▸ **HOW TO COMPLETE THIS TASK**
Reproduce only the lines of the material below that start at the line containing "De uno a cinco" and stop at the line containing "(衣) 描繪色款圖T / (褲) 一釦刺繡休閒褲". Keep both end lines.

▸ **SUPPLIED DATA**
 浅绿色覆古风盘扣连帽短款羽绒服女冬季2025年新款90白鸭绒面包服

* * *

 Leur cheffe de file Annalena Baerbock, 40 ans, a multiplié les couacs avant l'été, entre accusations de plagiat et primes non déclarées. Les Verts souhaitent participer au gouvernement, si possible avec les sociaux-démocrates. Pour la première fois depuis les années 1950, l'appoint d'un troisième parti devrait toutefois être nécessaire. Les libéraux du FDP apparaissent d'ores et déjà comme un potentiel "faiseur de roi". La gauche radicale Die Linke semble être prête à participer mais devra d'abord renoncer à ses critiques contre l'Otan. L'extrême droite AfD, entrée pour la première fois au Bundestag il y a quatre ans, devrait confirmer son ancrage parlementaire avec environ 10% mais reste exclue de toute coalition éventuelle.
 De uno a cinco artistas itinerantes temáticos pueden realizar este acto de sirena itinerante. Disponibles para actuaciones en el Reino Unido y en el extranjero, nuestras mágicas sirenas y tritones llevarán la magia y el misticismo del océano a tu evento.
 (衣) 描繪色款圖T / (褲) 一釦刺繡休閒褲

▸ **EXPECTED ANSWER**
 De uno a cinco artistas itinerantes temáticos pueden realizar este acto de sirena itinerante. Disponibles para actuaciones en el Reino Unido y en el extranjero, nuestras mágicas sirenas y tritones llevarán la magia y el misticismo del océano a tu evento.
 (衣) 描繪色款圖T / (褲) 一釦刺繡休閒褲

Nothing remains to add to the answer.